As a guy it sounds like to me he is comfortable with the way things are and while he really does love you he really doesn’t have a reason to tie the not again.

Also does he really want kids? I’m not saying he is too old but that may be a concern of his that he would be 65 (approx?) when his child graduated high school.

I think it is a tough line - you can’t force him to propose (even then how long will the engagement be) he needs to understand how important this is for you and that whatever “marriage” means that is what you want for the 2 of you.

He is just a dumb guy (like me) who’s comfortable – if he won’t talk then write it down. If you mention it and he blows up have your dialog written and hand it too him. Ask he to read it b/c it would mean the world to you. Maybe that will soften the outer shell and get those lines open.

Best Wishes!
posted by doorsfan at 2:36 PM on April 14, 2008


There is something that is critical to you that your partner is failing to make a priority, and more importantly, failing to communicate with you about. That is tremendously disrespectful of both you and your relationship.

That's pretty significant. I'd certainly want to address that fact, in isolation.
posted by DarlingBri at 2:44 PM on April 14, 2008


"Dad.. how did you and mummy get married?"
"Well son, it's awfully romantic... she threatened to leave me unless I did."
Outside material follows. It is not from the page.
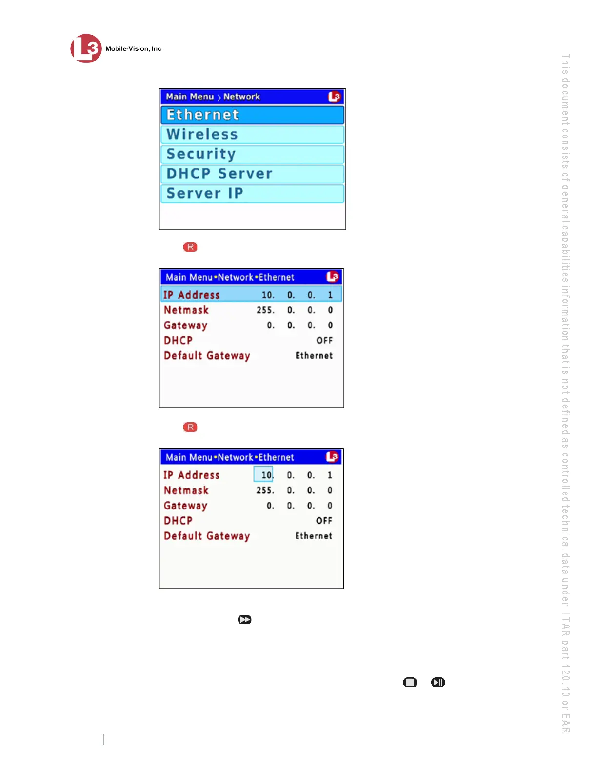 ess to select the Ethernet option. The Ethernet screen displays.

Brings a tear to your eye.


...nothing unromantic about it. I have a little habit of asking couples how they met and married, and you'd be surprised how many of them tell a story something like this. I concur with those who say that setting out your expectations clearly is perfectly appropriate. It's still up to him to decide whether to accept the deal or not. And if he accepts, that's pretty romantic in itself, and he can plan as romantic a proposal as he wants, and they'll have a great, sweet, funny story to tell nosy people like me forever.

That's one way it can work out.

Also, I think your reasons for wanting to be married are totally solid, you yourself are very clear about them, and there's no reason to feel like you're being overly needy or pushy. You have described the life you want. You deserve it. It sounds like a hard thing to do what you need to do to make it happen, but I think you have the guts to do it. You've decided you want something and you don't sound immature or insecure to me. The reasons you list are exactly the kind you find among good reasons to get married.
posted by Miko at 3:13 PM on April 14, 2008 [1 favorite]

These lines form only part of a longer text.